[en] Priced oblivious transfer (POT) is a cryptographic protocol that can be used to protect customer privacy in e-commerce applications.
Namely, it allows a buyer to purchase an item from a seller without disclosing to the latter which item was purchased and at which price.
Unfortunately, existing POT schemes have some drawbacks in terms of design and functionality.
First, the design of existing POT schemes is not modular.
Typically, a POT scheme extends a k-out-of-N oblivious transfer (OT) scheme by adding prices to the items.

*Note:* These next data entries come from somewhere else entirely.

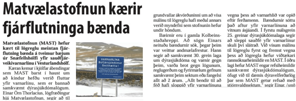 Þá sjáum við líka að lög um sauðfjárveikivarnir þvælast ekki fyrir sumum sauðfjárbændum sem einfaldlega sækja sitt fé ef þeim sýnist svo, hafi svo illa tekist til að það hefur farið yfir sauðfjárveikivarnarlínur.
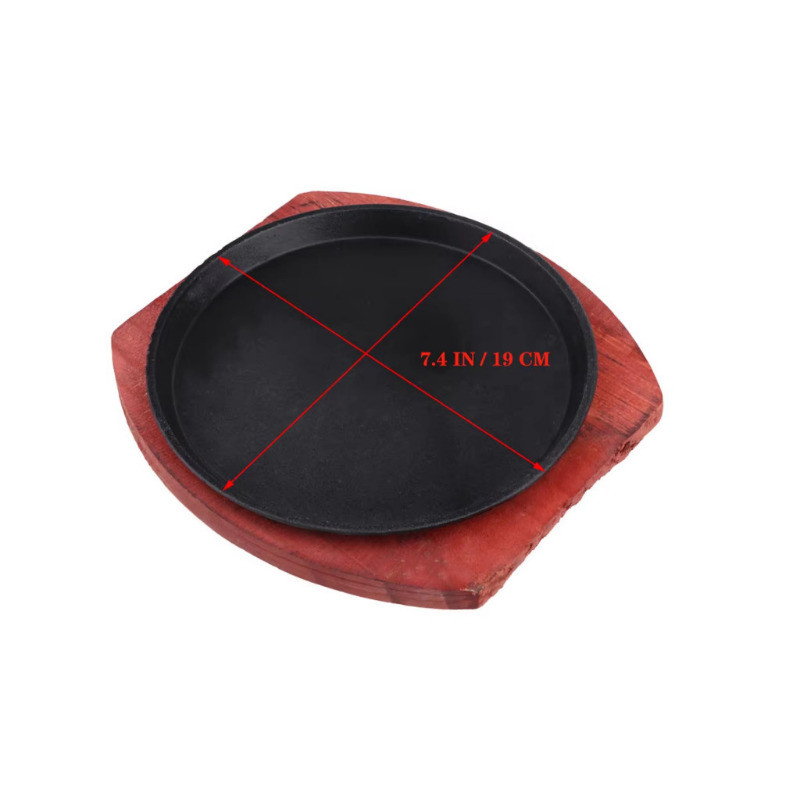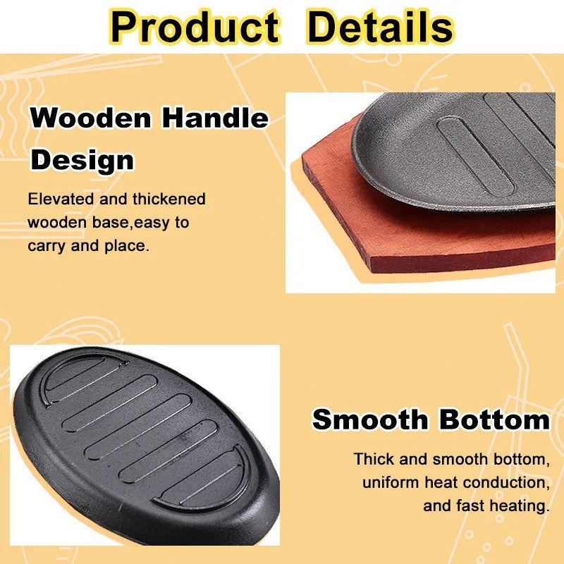 12 inch Oval Sizzling Plate Cast Iron With Wooden Steak Plate Non-Stick Grill Cookware Baking Tray
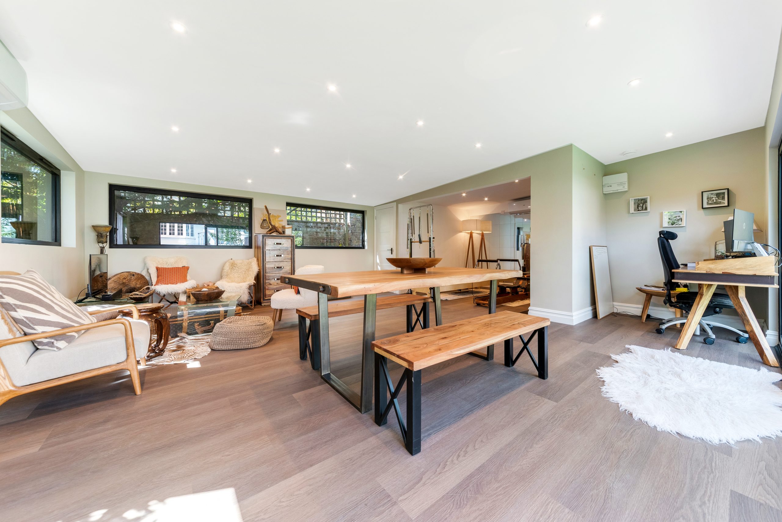 At the heart of the garden room, in front of the sliding doors, a large wooden dining table and matching benches provides the perfect space for family meals, entertaining guests, or social gatherings. Behind this, a cosy corner offers a more relaxed setting, with a mix of different styles of chairs and beanbags arranged on an animal skin rug, surrounding a glass coffee table. A TV under the window completes the area, creating a comfortable spot for lounging, reading, or enjoying entertainment.
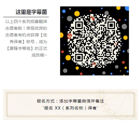 字幕语言:英字(译者招募中,详见下文)
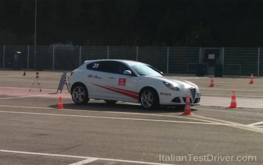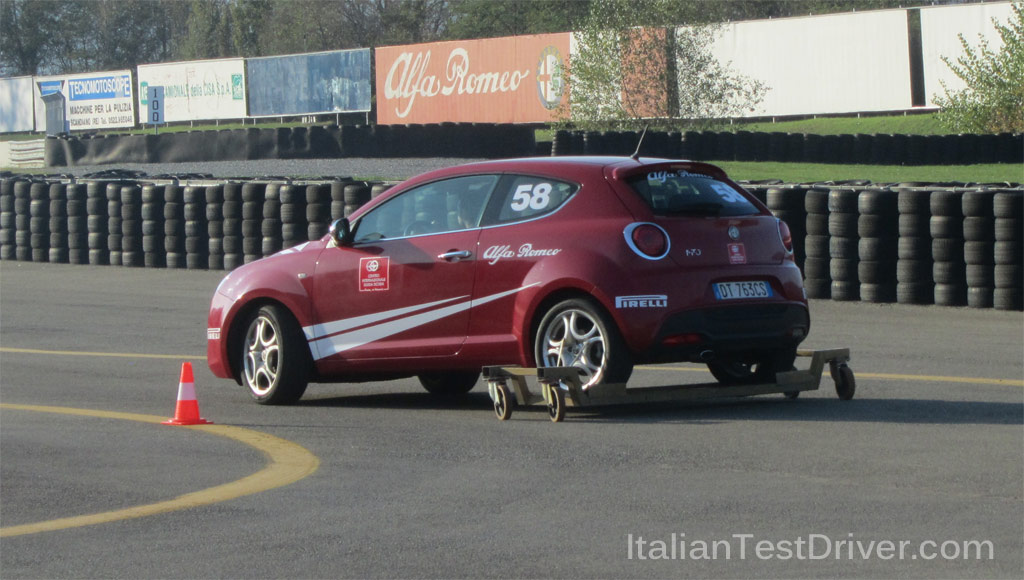 La prova successiva prevedeva un giro cronometrato su un altro circuito ad otto delimitato sempre da coni, a bordo di un’Alfa MiTo 1.4 litri da 120 CV con una particolarità: le ruote posteriori sono sollevate da terra e appoggiate su un apposito carrello che simula situazioni a scarsa aderenza come neve o ghiaccio. La prova è davvero insidiosa e sfinente per la sua difficoltà, dato che occorre correggere ogni metro la direzione dello sterzo, agire sull’acceleratore per riportare la vettura in traiettoria ed effettuare tutte le curve in controsterzo. La prova è resa ancor più difficile a causa dei coni inseriti esattamente in traiettoria in uscita di curva ed è molto facile quindi colpirli (penalità di 5″ secondi). La prova è stata intensa e sul filo del secondo, ma sono riuscito a vincere la prova e portare a casa il trofeo del primo posto! Piccole soddisfazioni che diventano importanti in prove di questo genere.
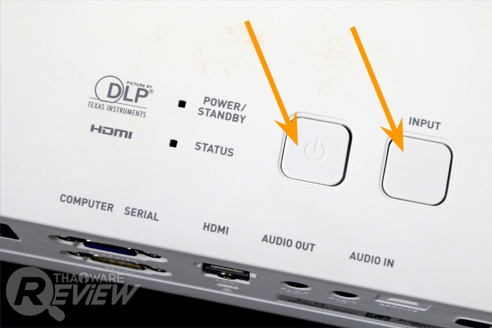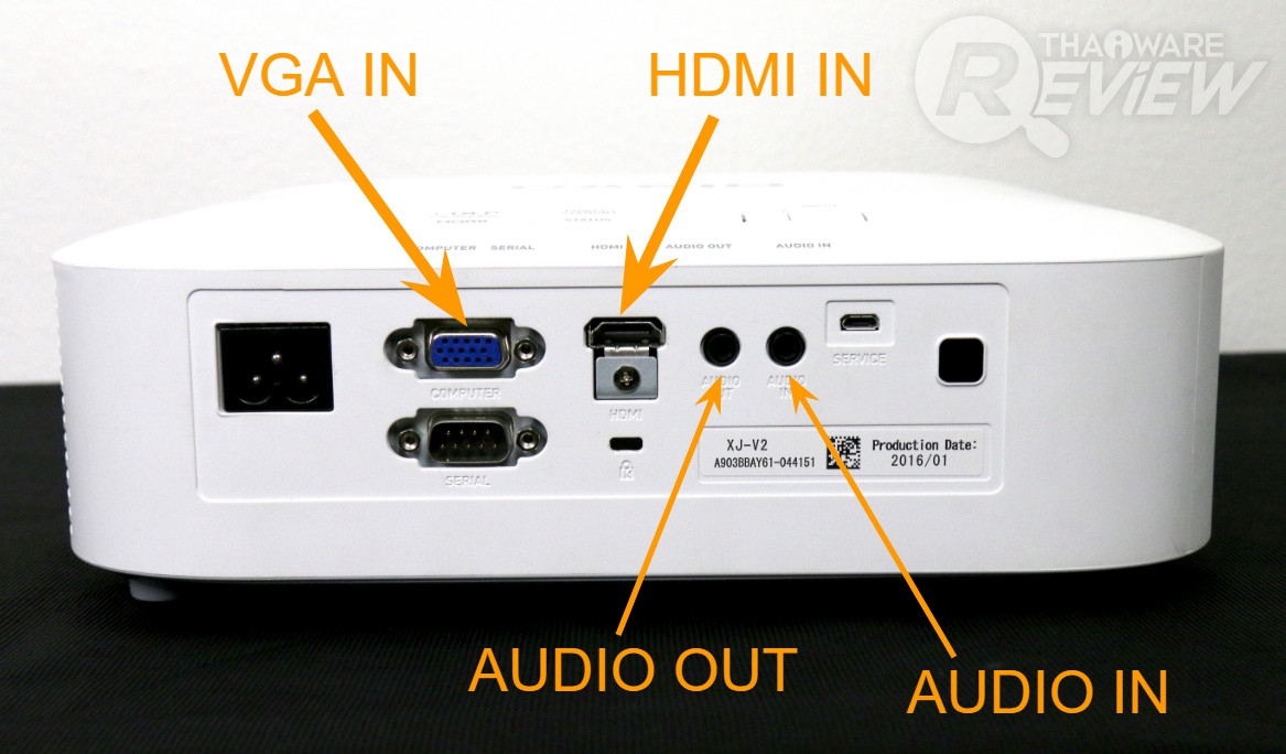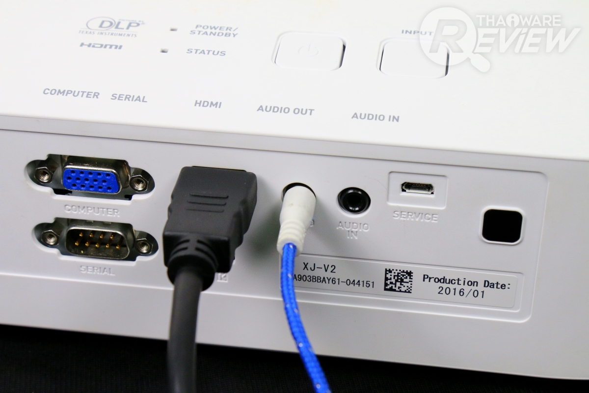 และด้วยความที่ในตัวเครื่องโปรเจคเตอร์ไม่มีลำโพง ทำให้ในกรณีที่เราเชื่อมต่อโปรเจคเตอร์เข้ากับเครื่องคอมฯ ผ่านสาย HDMI แล้วต้องการเปิดฉายงานนำเสนอ หรือคลิปวิดีโอที่มีเสียงประกอบ ก็ต้องนำชุดลำโพง หรือชุดเครื่องเสียงมาเสียบเข้ากับช่องแจ๊ค AUDIO OUT ของเครื่องโปรเจคเตอร์ เพื่อให้สามารถเล่นเสียงได้ครับ

However, all POT schemes do not use OT as a black-box building block with certain security guarantees.
Consequently, security of the OT scheme needs to be reanalyzed while proving security of the POT scheme, and it is not possible to swap the underlying OT scheme with any other OT scheme.
Second, existing POT schemes do not allow the seller to obtain any kind of statistics about the buyer's purchases, which hinders customer and sales management.
Moreover, the seller is not able to change the prices of items without restarting the protocol from scratch.
We propose a POT scheme that addresses the aforementioned drawbacks.
We prove the security of our POT in the UC framework.
We modify a standard POT functionality to allow the seller to receive aggregate statistics about the buyer's purchases and to change prices dynamically.
We present a modular construction for POT that realizes our functionality in the hybrid model.
One of the building blocks is an ideal functionality for OT.
Therefore, our protocol separates the tasks carried out by the underlying OT scheme from the additional tasks needed by a POT scheme.
Thanks to that, our protocol is a good example of modular design and can be instantiated with any secure OT scheme as well as other building blocks without reanalyzing security from scratch.